Directly I set foot in my own house again, I had Miss Emma into the parlour, and showing her the state that my gown was in, all through her abominable stupidity, I told her that she really was so dangerous a blockhead to have near one, that although I wouldn’t thrust her into the wide world without a place to put her head in that night, still she would be pleased to quit my service first thing in the morning--which I took very good care she did.
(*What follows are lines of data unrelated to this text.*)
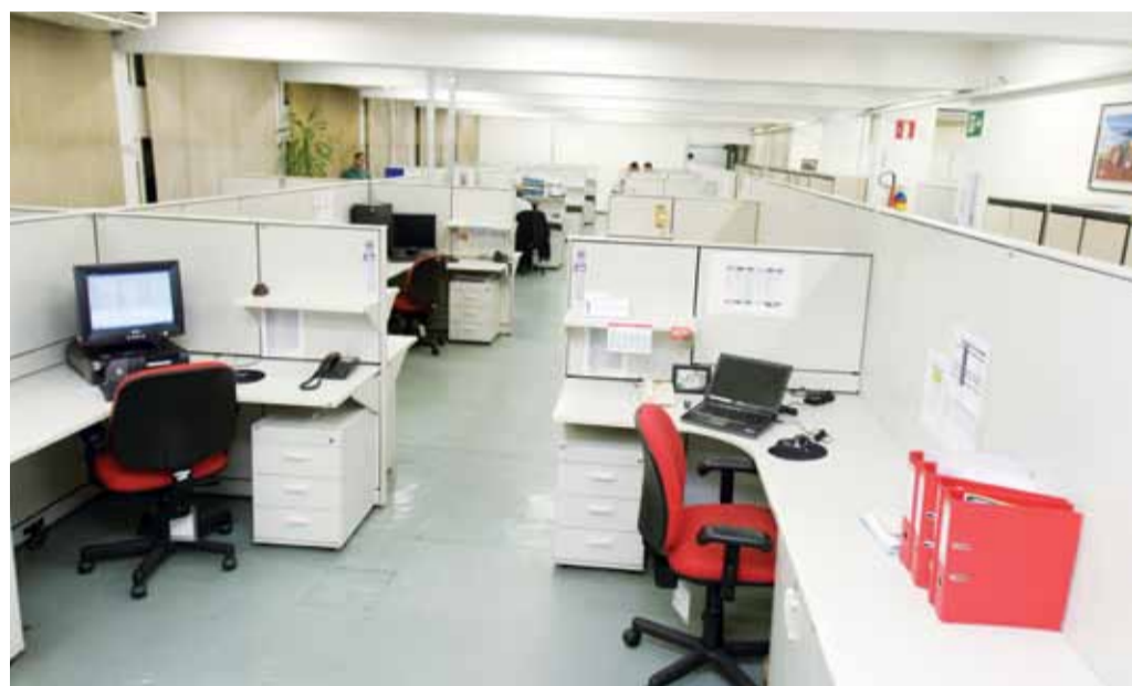
Estações de trabalho em formato de células permitem a maior integração dos colaboradores da Engenharia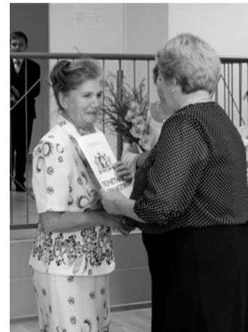
Вручение почетных грамот педагогам

Вторая часть конференции была посвящена докладам, в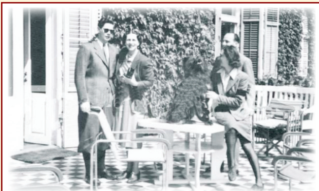
Regele Mihai și Regina-mamă Elena, pe terasa castelului de la Bulci, în iulie 1944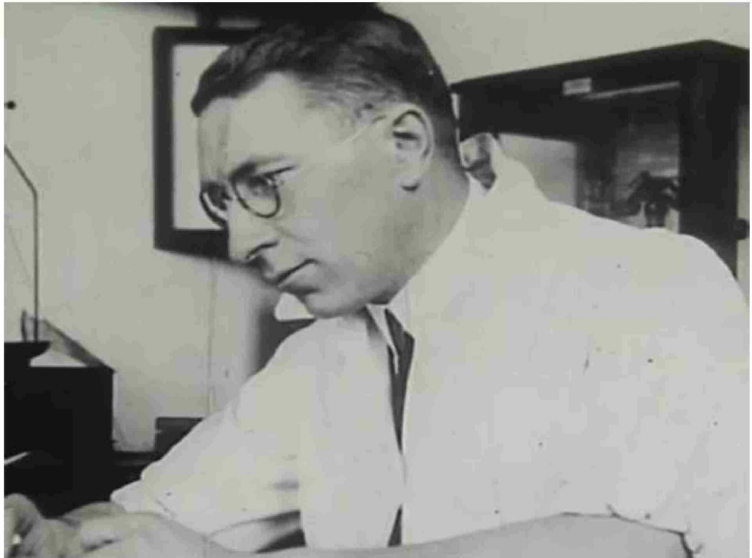
En 1923, cuando solo tenía 32 años, Frederick Grant Banting recibió el Premio Nobel de fisiología y Medicina: es el científico más joven en recibir el galardón.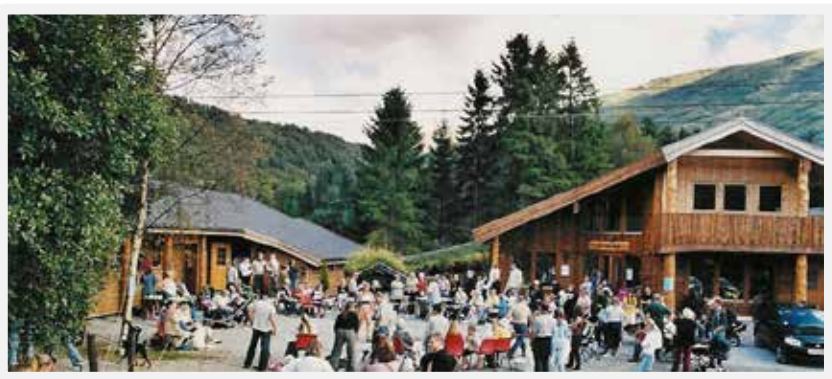
Bildet er fra vår årlige "Åpen Dag"

ALT PÅ ETT STED - KUN 20 MIN FRA BERGEN SENTRUM ET SPENNENDE MILJØ MED HYGGELIG ATMOSFERE - OMSORG MED DYRENE I FOKUS -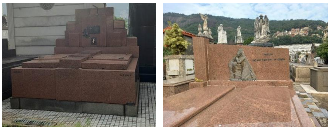
Figura 16 (a e b): Túmulos Art Déco.

A figura 16 apresentam dois túmulos mais simples, o do lado esquerdo com escalonamento e planos superpostos, com relevo e inscrições, em granito avermelhado. O do lado direito, da Família de Antônio Teixeira da Cunha, mostra uma composição geométrica, com frisos superpostos numa das laterais. Contém relevos e inscrições e está revestido em granito avermelhado.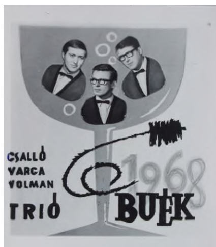
B. U. É. K. 1968. A Csalló trió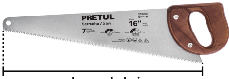
Largo de hoja 16" 40 cm)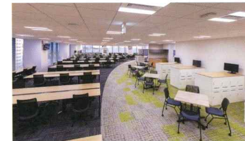
オフィス(エキキタ)

働きやすいワークスタイルで、働く人が幸せな会社を目指して、オフィスのフリーアドレスやテレワークなどを導入しています。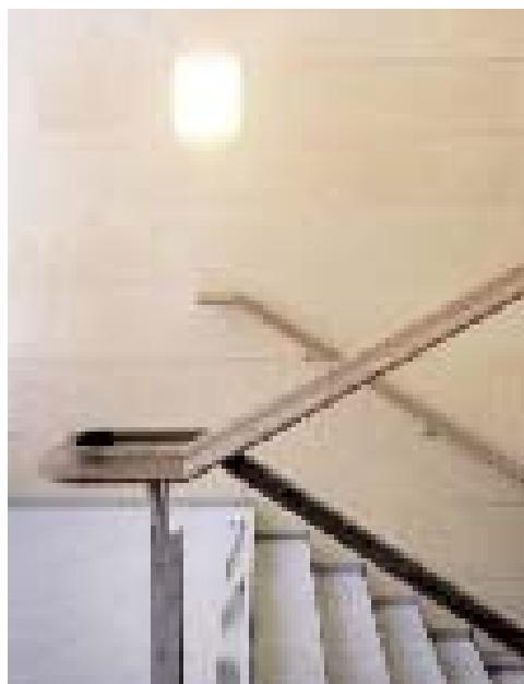
En sofistikerad enkelhet. En vacker kalkstens-trappa förbinder Moderna museets huvudvåning med de undre våningsplanen.

För tävlingsjuryn vidtog nu ett krävande och tidsödande arbete att granska de olika tävlingsförslagen och när det till slut bara återstod ett – det vinnande 'Telemachos' – var gissningarna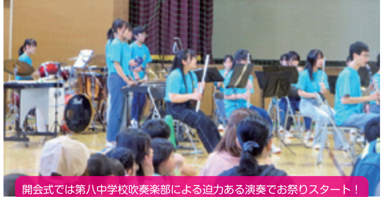
開会式では第八中学校吹奏楽部による迫力ある演奏でお祭りスタート！

【学 校 区】 帯広市立若葉小学校 【取組内容】 若葉まつり 【協力団体】 若葉あそびば、家庭教育学級、生涯学習推進委員会 若葉連合町内会、学校運営協議会、若葉小学校PTA 畜大ボランティア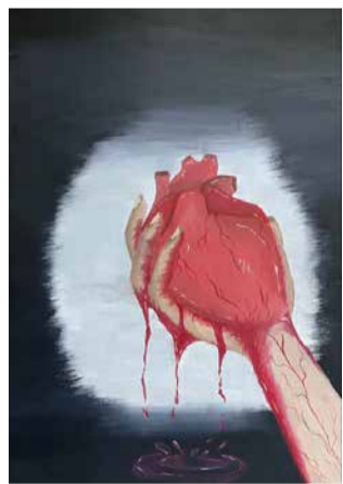
„Elu sinu peopesal“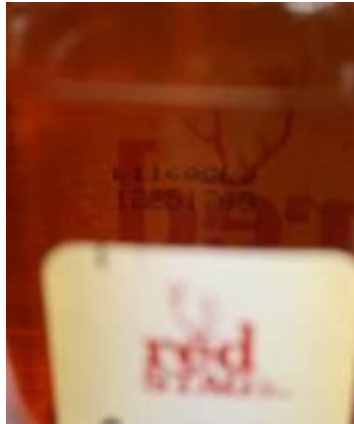
Jim Beam Red Stag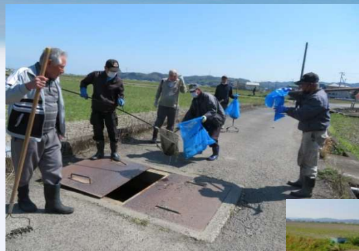
ポンプ送水準備作業 (田野芝生土地改良区)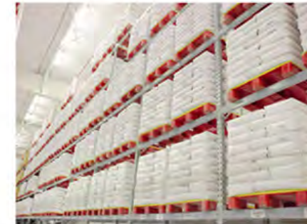
Habilitada para Racks Patín Hidráulico o Montacargas por los 4 lados.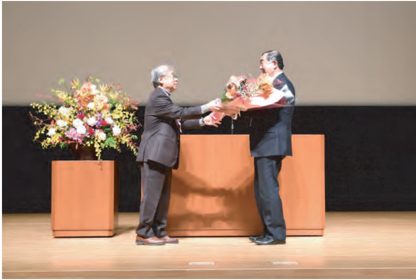
次回開催県へ花束贈呈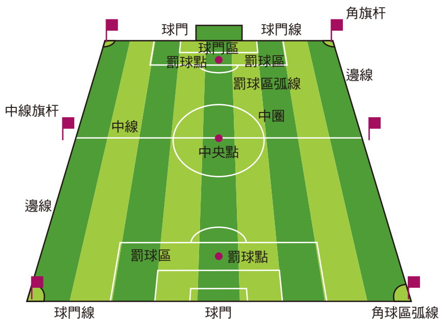
圖一：足球場界線及設備

12 碼罰球（Penalty kick）又被稱為足球的極刑，是防守方於自己的禁區內犯規時所採用的懲罰。罰球時，球會放置於罰球點 1 上，此時，除了罰球者以及守門員以外，其他所有球員皆必須在 18 碼禁區外圍並與罰球者保持 10 碼以上的距離。對於在罰球者接觸到球之前只能站在球門線上的守門員而言，大腦得花費 0.1 秒的時間處理從眼睛接收到的訊息，之後再花 0.1 秒的時間決定撲球方向，平均而言，守門員撲到球門角落所需花費的時間長達 0.73 秒。但罰球者踢出的球，平均只需 0.4 秒就能抵達球門角落。故 12 碼罰球的判罰與否往往會左右雙方的勝負，除非球員明顯犯規，一般裁判在正規賽中會盡量避免判罰 12 碼罰球。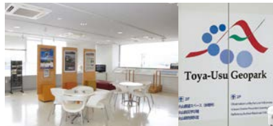
2Fの火山防災学習館。有珠山、昭和新山を一望できます。

穫れたてのフルーツと野菜、お米で大人気。秋には店内が甘い香りでいっぱいにあふれる。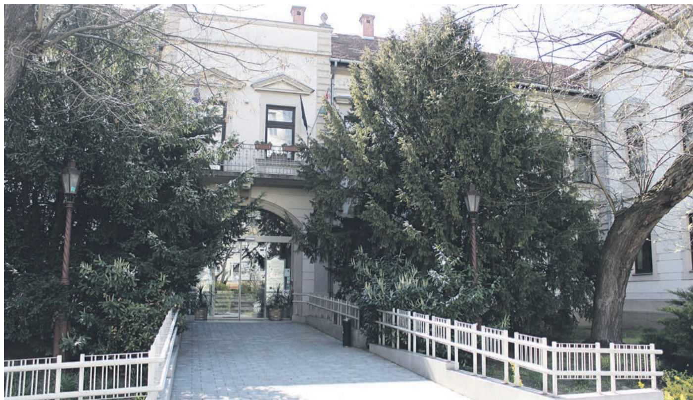
A megyei kereskedelmi és iparkamara székháza. A szervezet vezetőségének több javaslata is visszaköszön a gazdasági újraindítás kormánydöntéseiben

PANDÉMIA A kormány figyelembe vette a kamarák javaslatait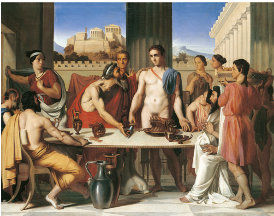
Hippolyte Flandrin, Thésée reconnu par son père , 1832, huile sur toile

Le dessin est la base de l'enseignement prodigué à l'atelier d'Ingres, s'appuyant sur l'étude d'après l'antique et les maîtres anciens, puis, dans un second temps, d'après le modèle vivant. Les frères Flandrin s'inscrivent en parallèle à l'École des beaux-arts qui, à Paris, n'est pas tant un lieu d'apprentissage que de concours d'émulation. Le plus important est le prix de Rome, décerné chaque année à l'issue d'un processus très sélectif. Hippolyte le remporte en 1832, s'ouvrant ainsi les portes d'un séjour de cinq années à Rome, à la villa Médicis, financé par une pension accordée par l'État.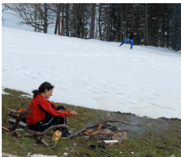
hiver 06/07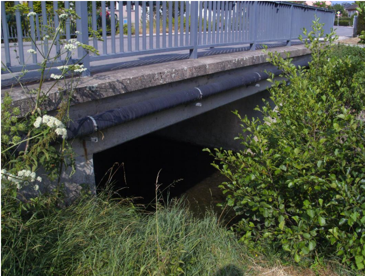
Durchlass; Ufer unterbrochen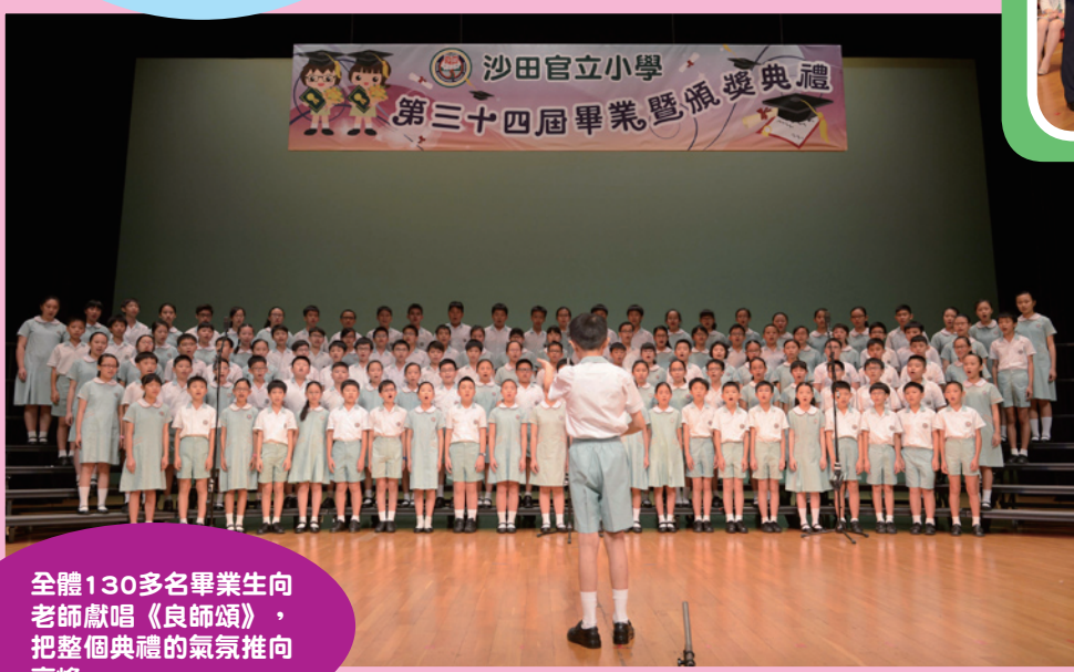
全體130多名畢業生向老師獻唱《良師頌》，把整個典禮的氣氛推向高峰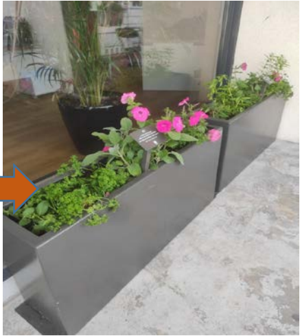
Bac Permis de végétaliser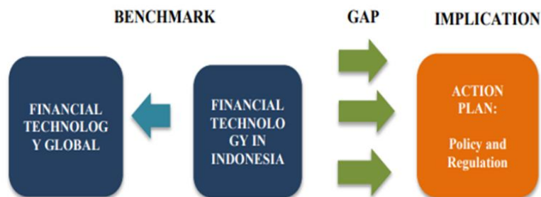
Gambar 1. Data Sebelumnya

Berdasarkan Gambar 1, pengumpulan data dan penelitian sebelumnya tentang teknologi keuangan global merupakan tahap awal dari penelitian ini, dan juga tentang implikasi negara lain dan sejarah teknologi keuangan yang ada. Selanjutnya, analisis dan pendataan terkait financial technology di Indonesia seperti kasus dan tantangan yang dihadapi Indonesia dalam hal financial technology. Hasil analisis tersebut akan dijadikan sebagai saran dan kritik bagi pemerintah, lembaga keuangan, dan regulator di OJK Indonesia.

And thus ended my acquaintance with Miss Emma, and I very naturally made a vow that the next woman I had in my service should have some little learning in her head, at least. Though positively, it was only jumping out of the frying-pan into the fire, for when the other creature came in she was, if possible, harder to put up with than the good-for-nothing hussey that I had just turned out of the house. Bless us and save us! if her head wasn’t crammed brim full of trumpery penny novels and rubbishing romantic melo-dramas. Was there ever such a woman--a great big, fat thing, with a currant-jelly complexion, and always marching about the house with a broom in her hand, either fancying herself “ADA THE BETRAYED,” or “AMY,” in “LOVE AND MADNESS”--or else sitting for hours, after the parlour dinner was over, all among the dirty plates and dishes, with her feet on the fender, crying her eyes out, over “THE MURDER AT THE OLD SMITHY,” or “THE HEADS OF THE HEADLESS,” just, for all the world, as you see her in the picture,--which I will tell the gentle reader all about in the next chapter--and a pretty chapter of accidents it will be--for, of all the plagues of servants I ever had anything to do with, that woman certainly was the greatest, and she got me into _one_ scrape, that I’m sure I shall never forget to my dying hour--but more of this hereafter.